On 4 November 2012 22:33, Steven D'Aprano email@example.com wrote:
On 05/11/12 08:49, anatoly techtonik wrote:
if sys.py3k: # some py2k specific code pass
Do you expect every single Python 3.x version will have exactly the same feature set? That's not true now, and it won't be true in the future.
In my option, a better approach is more verbose and a little more work, but safer and more reliable: check for the actual feature you care about, not some version number. E.g. I do things like this:
# Bring back reload in Python 3. try: reload except NameError: from imp import reload
There are certain cases where explicitly checking the version makes sense. I think that Python 3 vs Python 2 is sometimes such a case. Python 3 changes the meaning of a number of elementary aspects of Python so that the same code can run without error but with different semantics under the two different version series.
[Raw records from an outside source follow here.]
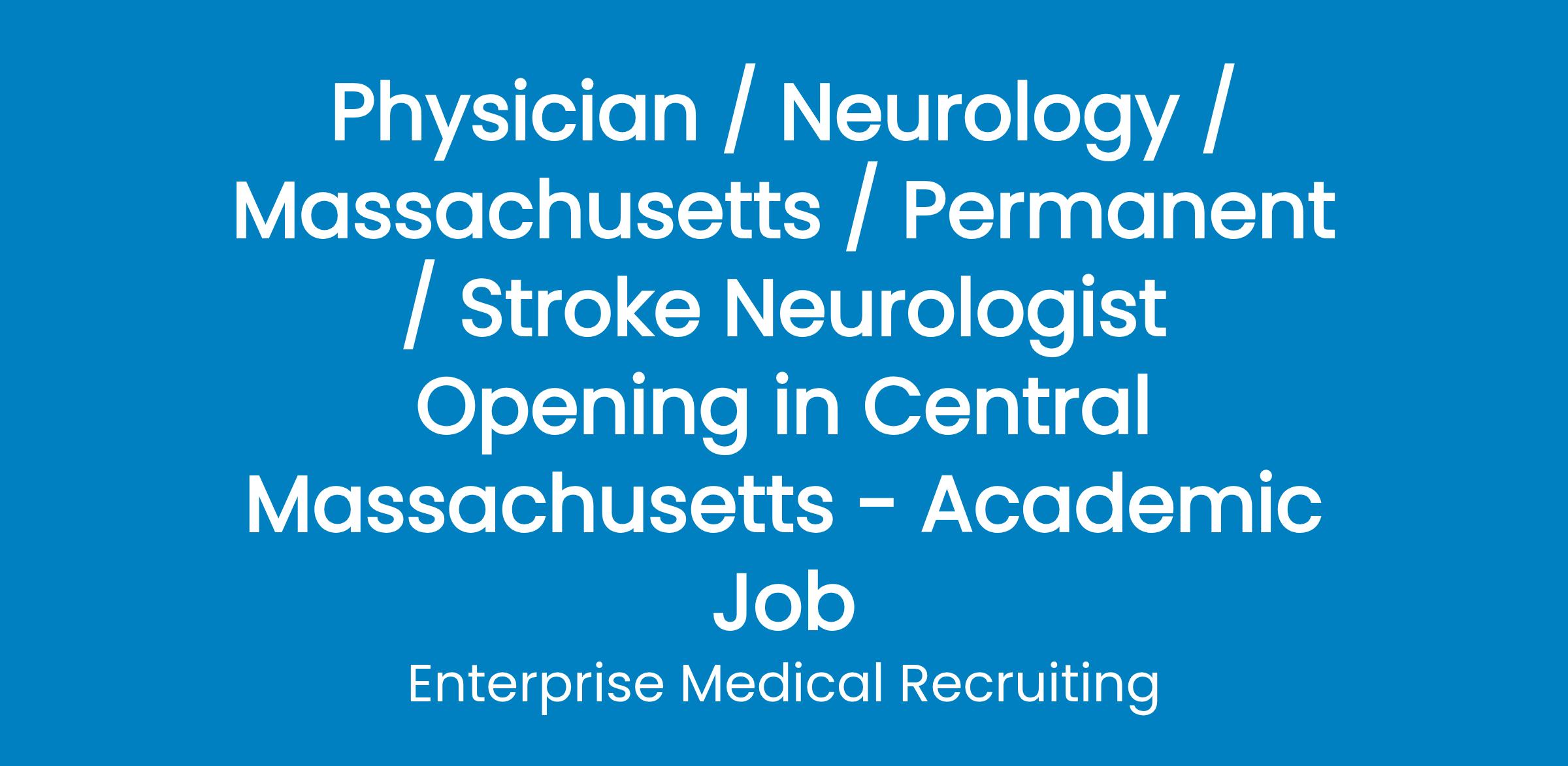 An academic center in western Massachusetts has an opening for a Stroke Neurologist Faculty position. They are the largest multispecialty group in the region.
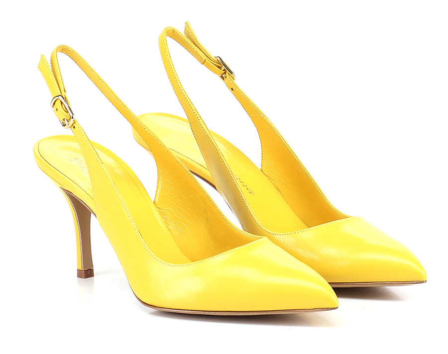 Scarpa con tacco in pelle con cinturino su retro e suola in cuoio. Tacco 85.
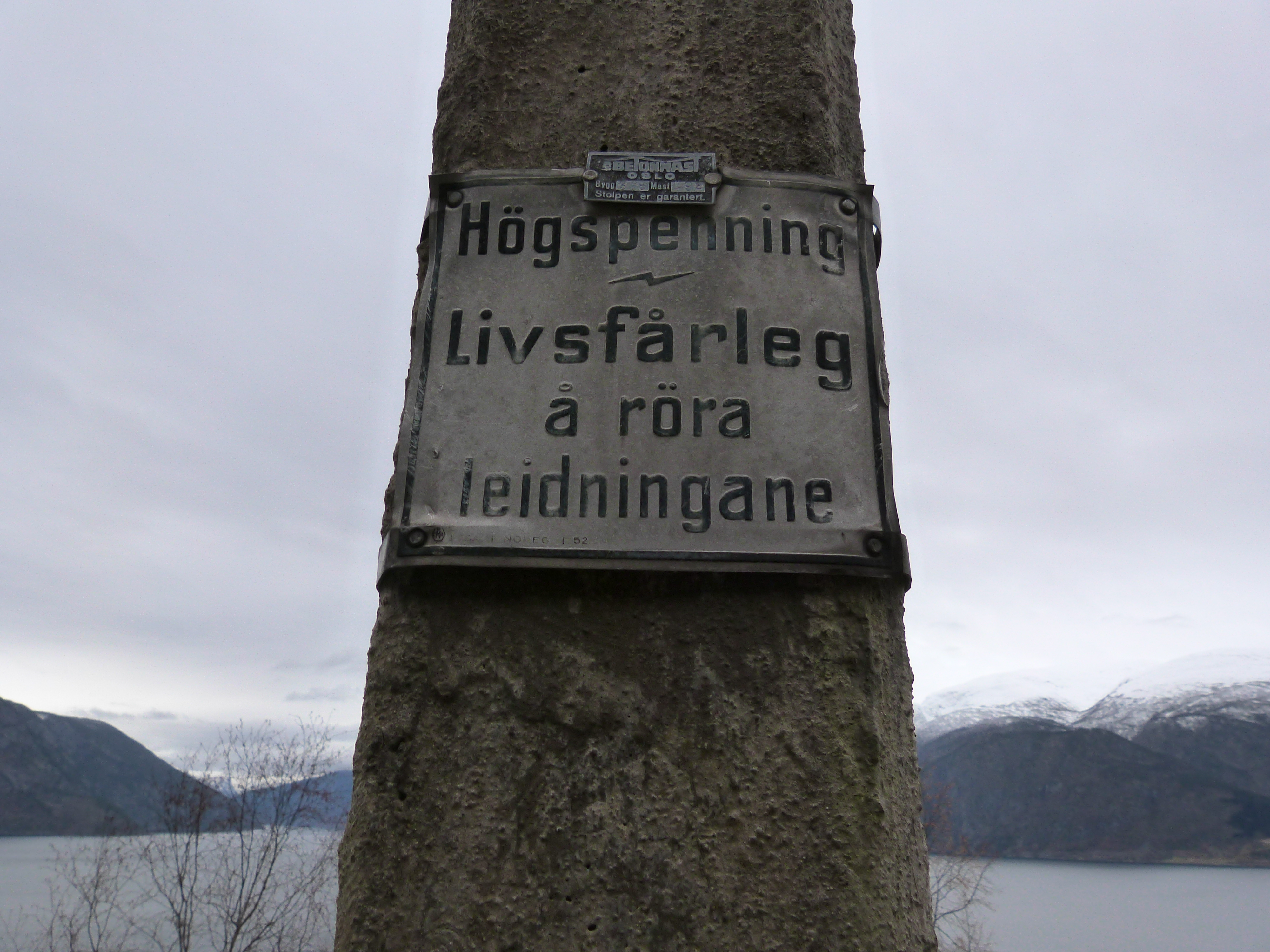 På masta er festa eit nyare varselmerke i metall, og det er spor av feste etter eit eldre. Det eldre skiltet var nok det same som framleis finst på neste masta vestover, Der står:
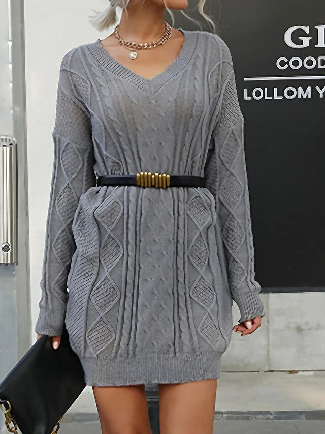 Women’s Sweater Dress Winter Dress Jumper Dress Mini Dress Ruched Outdoor Street Daily Fashion Streetwear V Neck Long Sleeve 2023 Loose Fit Gray Color S M L Size

Checking the version rather than checking the attribute/name would often be a mistake when comparing say Python 2.6 and Python 2.7 since you're better off just sticking to 2.6 syntax and checking for potentially useful names available under 2.7 as you describe.
On the other hand if you are distinguishing between 2.x and 3.x then it is sometimes clearer and more robust to explicitly make a version check rather than think hard about how to write code that works in both cases (and hope that you remember your reasoning later). It also makes it easier for you to clean up your codebase when you eventually drop support for 2.x.